Brian Engler, vice president of SEB LLC, an affordable housing consultant who has helped market the unit in Ipswich, noted that in general there is more demand for single-family homes than condos or town houses, as there is in the open market. He still sees a demand for affordable homes, citing a duplex unit in Rowley that sold in “a couple of weeks’’ nine months ago, and six of seven affordable units that drew buyers at Campion Estates in North Andover. The one that remains unsold is a one-bedroom unit, which as Engler noted would draw less interest because of the smaller size.

In the world of housing, there is a wide range of clients for affordable housing, from the truly indigent to working families that can use a boost. When housing advocates and planners talk about buyers of affordable units, they are usually talking about the latter group. While the specific guidelines vary from program to program, the federal standard set by HUD is those making 80 percent of the regional median household income.

In Ipswich, that translates to a family of four making $64,200 a year. It is a coveted group. One reason is that maintaining 10 percent of all housing units as affordable is the way a town can maintain zoning control if developers seek to build under Chapter 40B, the legislation governing affordable housing in the state. Developers can bypass many local zoning requirements if they build in a municipality with an inadequate supply of affordable units.

Ipswich’s percentage of affordable housing stock, calculated most recently in 2010, is 8.6 percent.

Creating opportunities for the affordable home buyer also helps the town maintain the character of its community, Planning and Development director Glenn Gibbs said.

“We would like to be over 10 percent, because it does give us greater control over how we situate affordable housing in our community, but our larger goal is to retain the diversity of our population, which we think is one of our greatest strengths,’’ he said.

The programs provide an opportunity to get into home ownership, and frequently a chance to live in a nicer venue than one could otherwise buy or rent.

The arrangement worked well for Jeff Spencer, a counselor and director of child ministries at First Presbyterian Church in Ipswich, who was just out of grad school when he and his wife purchased an Ipswich River Point town house three years ago.
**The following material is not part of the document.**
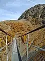 Large de 65 cm seulement, la passerelle domine de 85 m le fond de la vallée. Des caillebotis galvanisés supportent les marcheurs. Les câbles de suspension pèsent 8 tonnes[3]. Le pont totalise un poids de 58 tonnes ; un système d’amortissement en réduit les oscillations[1].

Research scientist Lisa Spencer had just started at her position at a Beth Israel Deaconess Medical Center laboratory, where she has since been promoted.

“We probably couldn’t have rented a two-bedroom apartment for what we were paying for mortgage and condo fees,’’ which were also reduced, said Spencer, who said the couple have decided to move elsewhere in Ipswich after the birth of their second child, now 9 months old.

In the case of the Ipswich town house, Gibbs said that if the Thursday deadline passes without an eligible buyer, the homeowner could only sell the property on the open market for the $172,000 price. However, unless the buyer of that property qualified under affordable housing guidelines, the home would not count as part of Ipswich’s affordable housing stock.

One option being considered by the Ipswich Affordable Housing Trust Fund Board is to purchase the property with the intention of reselling it to an affordable buyer. “We’d greatly prefer that it be sold to an eligible buyer’’ before the deadline, Gibbs said.